Closer Look: WD TV Live

The WD TV Live is a $89.99 (Newegg or Amazon) compact digital media player designed to play high-definition video at up to 1080p (1920x1080) resolution, as well as Dolby Digital and DTS surround sound audio. Western Digital (WD) includes the following items inside the WD TV Live kit: media player WDBHG70000NBK-HESN, WD TV HD Media Player Remote Control WDTV001RNN, 2x AAA batteries, composite A/V cable, 110/220V 18W AC power adapter WDPS038RNN fitted with interchangeable North America socket attachment, and a quick install guide.

On the front of the unit is a small translucent plastic window, with a low-output LED light that unobtrusively shines to indicate power state without compromising the device's elegant appearance. A High-Speed USB 2.0 port is available up front, beside a recessed 'Device Reset' button that restores system settings to the factory firmware default values. Additionally, users may toggle between NTSC and PAL by depressing this button for 10 seconds.


The infrared remote sensor is located behind the darkened front window, so positioning the device with a direct line of sight will yield the best performance. WD TV Live is not designed with built-in control buttons, such as you might find on DVD/BD players, so all functions of the device are controlled by the remote. Because WD TV Live features a built-in 802.11-b/g/n wireless adapter that utilizes internal antennas, keeping the device out in the open serves to also improve Wi-Fi reception.


WD TV Live measures only 3.9"L x 4.9"W x 1.2"H, and weighs a mere 7oz without attachments. An infrared media-center remote control is included with the kit (shown below in actual size), that measures 6.5"L x 2.3"W x 1.2"H and fits comfortably into the hand. For best results there should be a direct line of sight between devices, which can degrade if you or the device is positioned at an extreme angle. The remote control requires two AAA batteries (included), and features a robust set of multimedia functions. Soft rubber keys are adorned with white labels, but the remote does not offer button glow or backlighting. As a unique extra, WD TV Remote software is available free for download to WD TV Live owners who want to replicate the remote's functionality on their Apple iOS and Google Android phone or tablet devices.


In addition to the remote control, WD TV Live supports keyboard input for some services such as Facebook and YouTube or can be used for renaming files. In testing all of our wired and wireless keyboards offered this functionality, but mouse movement was not supported even when integrated into the keyboard.

With so much real-estate available on the front and sides of WD TV Live there is certainly room for items like additional USB ports, a multi-card reader, or an eSATA port. Unfortunately these items were not included because Western Digital needed to maintain a conservative power profile while reducing the unit's heat output. All other input/output ports are located at the rear of the device.
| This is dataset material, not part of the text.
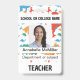 Um crachá divertido de identificação de foto de um professor para se identificar nas crianças da sala de aula será curioso sobre o crachá e o conteúdo. Há espaço para adicionar o nome da escola ou da faculdade, o nome do professor, o departamento ou assunto, a posição geral e a sua foto. Clique em "personalizar este modelo" para adicionar suas informações pessoais.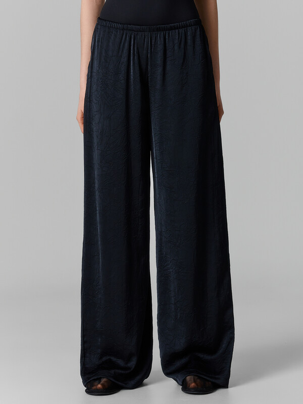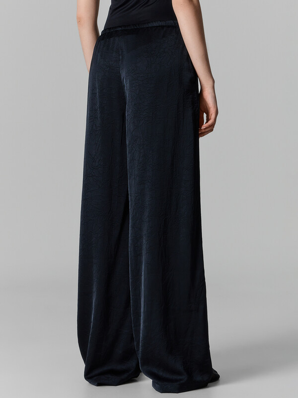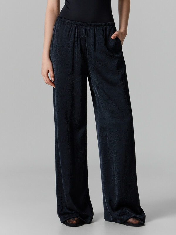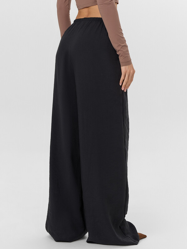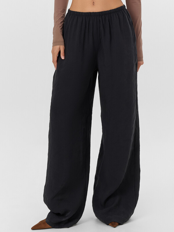 Нижние срезы обработаны аккуратным швом вподгибку, что гарантирует долговечность и опрятный вид даже после активной носки. Универсальный черный цвет делает эти брюки идеальными для комбинации с любым верхом — от классических блузок до объемных свитшотов. Если вы хотите купить широкие брюки, которые сочетают качественные материалы, продуманный дизайн и современный фасон, эта модель станет отличным выбором. Она подойдет для офиса, прогулок или встреч с друзьями, даря уверенность в каждом движении. Широкие женские брюки— это инвестиция в ваш гардероб, которая прослужит не один сезон.

You'll find the majority of connecting points along the backside of WD TV Live (version WDBHG70000NBK-HESN). The AC power adapter input shares space with an optical SPDIF digital audio port that supports high-definition 7.1 surround sound output (TosLink cable required/not included). Nearby is a RJ-45 10/100 Ethernet port, HDMI 1.3 digital A/V output, and the second available USB 2.0 port. WD has made provisions for obsolete component video outputs by including an analog AV output for the included composite cable bundle.


WD TV Live is one of two media players available from Western Digital; the other is the WD TV Live Hub which adds an internal hard drive and DLNA streaming to any device. Both offer the same playback features and streaming media services, but only WD TV Live includes built-in Wi-Fi functionality. In the next section, we put the WD TV Live to the test...



# Will it step through folders?Papoulka 2012-08-20 14:15
One shortcoming I have noticed even in the higher-end "Popcorn" media players is the inability to step through folders. Suppose I have a parent folder of "Rock Music", and beneath that a folder of "Dylan Songs 1" and another of "Dylan Songs 2". I begin playback with the first track in Dylan Songs 1. When the last track in that folder has been played, I want playback to continue with the first track in Dylan Songs 2. And to continue until all folders in "Rock Music" have been played through.

Players that won't do this are less useful than my old CD changer, which would at least play one disk after another.

What does this WD TV Live box do in such cases?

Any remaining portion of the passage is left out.